Last summer I was invited to perform a Living Room Tour concert in Beijing. It’s a project I do at the home of an audience member, or any place where they live. Yes, it’s certainly true that some people may have no place to live – in which case it could also be somewhere outdoors, or a friend’s couch. Normally I ask a few other musicians to join in, as I feel too much responsibility when facing a small audience so closely for an hour or so. So I visited the artist Ake at a tiny art space located in a traditional and local kind of neighbourhood in the centre of Beijing, and I asked her if she would perform in one of these concerts. She agreed without hesitation. Then I asked, “So who else should we invite? I feel someone outside of the music scene would be nice…” She looked at a young man who was sitting in the corner and answered with a little hesitation: “How about He You here? He’s an artist and returned a few months ago from studying in London.” And why not? I already had a good feeling from his presence there – the way he talked and his bearing. So we became a team.

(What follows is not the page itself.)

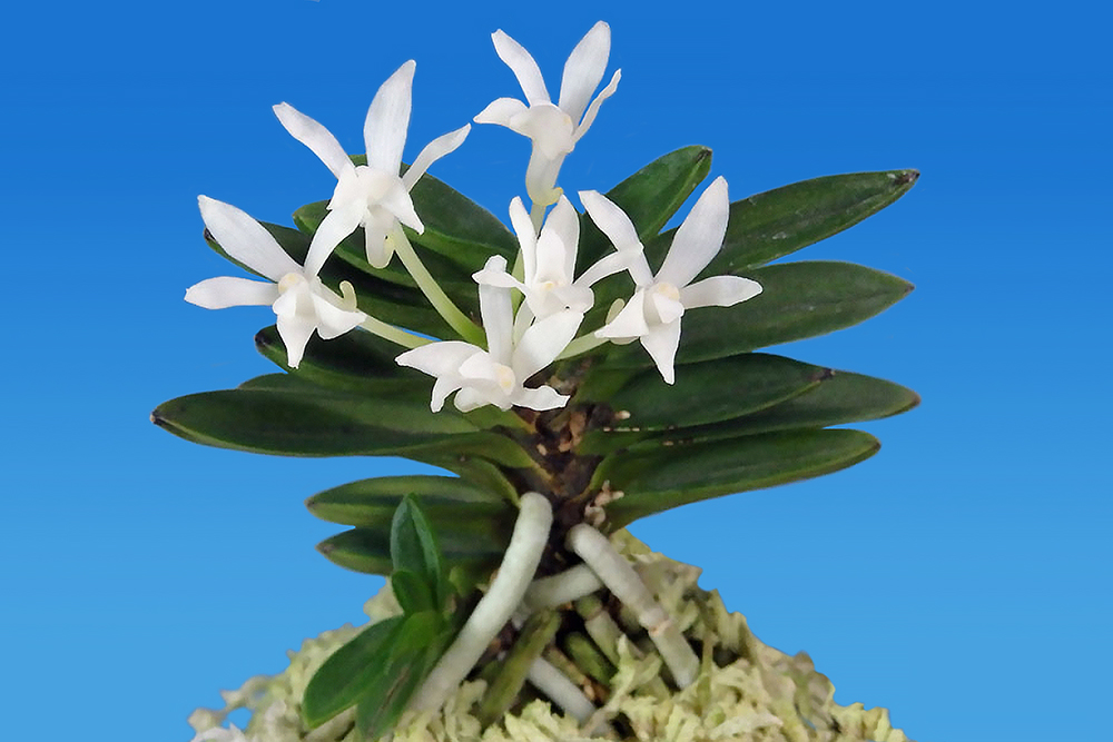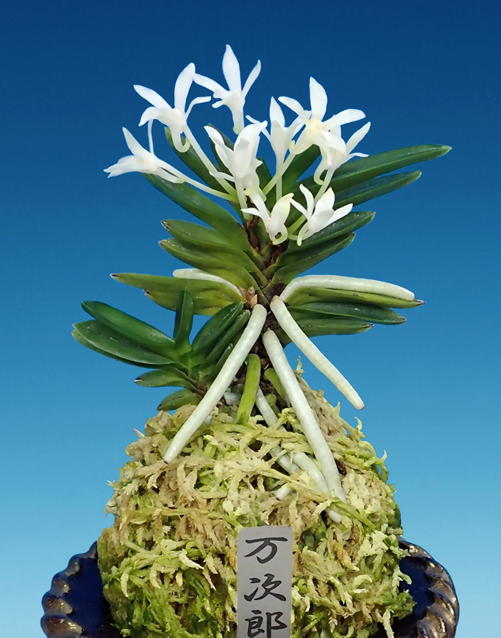 고치현(高知縣)의 土佐淸水市 足摺 산으로, 무지 엽 변아 두엽 품종이다. 처음 채취 때의 대부분은 산지를 떠나 고사(枯死)했고, 겨우 나머지 1 개체만을 현 소장자(野村風蘭研究室)가 입수 재배하고 있는 희소품이다. 잎 모습은 다소 露受葉 風(이슬을 받을 듯)으로, 끝이 뾰족한 독특한 분위기를 가졌으며, 붙음매는 낮은 산형으로 니축 니근이다. 잎 뒷면은 짙은 감성(紺性)의 줄무늬(縞)도 볼 수 있는 부분도 있으므로, 앞으로 변화가 기대된다. 꽃 모양도 독특한 특징이 있는데, 꽃잎이 조금 길어서 완전하게 개화하지 못하고 살짝 오므린 채 개화되는 꽃도 있다. "万次郞"은 산지의 위인처럼 씩씩하게 자라기를 바라는 뜻을 담고, 또한 소장자가 이 지방 출신임을 고려해 野村風蘭研究室에서 명명한 것이다.

When we visited the ‘venue’ – that is, the apartment – a few days before the concert, I saw a printed sheet of A4 paper posted in the elevator. It was an announcement from the local police station: “Dear house owners, please don’t rent your apartment through Airbnb or similar sites without legal registration. We have already arrested several people who have done this.”

Oh, that’s strict! The warning was still there a week later when we held the concert (or party, as all the audience were friends). There were nine people in the audience plus three performers. Fortunately, no one was using Airbnb. The audience member who invited me, ie, the organiser, asked us to leave our shoes inside the door. “I don’t want to attract attention by holding such a ‘mass gathering’!” Ah yes, there is a law against that too. But how many people make up a mass gathering? Four? Six? One hundred? We started to discuss this, but no one knew the exact number, and no one had heard of anyone who had been arrested for holding a party. Anyway, we just agreed that we should not leave too many shoes outside the door.

It was a nice afternoon and we didn’t disturb anyone. The loudest noise we made was some gentle applause. The second loudest sound was He You using a small paper shredder he found in the room. He had made scans of the hands of everyone present and printed them out using a small printer/scanner which he also found in the room, and then fed these into the shredder. The third loudest sound was Ake taking a shower in the bathroom while we sat in the living room with her clothes. Then I asked the audience to choose a word or phrase from a book I found and whisper it to their neighbour, who would then whisper it to the next person, until the words became confused [a version of the game Chinese Whispers]. We had fruit, nuts, and wine in between these noises. And whisky. Then we all left for dinner with a bottle of Chinese Baijiu. That’s all.

We didn’t use loudspeakers, because only ‘real’ venues have loudspeakers. Why bother to upgrade a home into a venue? For the same reason, there were no musical instruments either. But this is not a rule: sometimes instruments have been used for the Living Room Tour. Why should we be so strict?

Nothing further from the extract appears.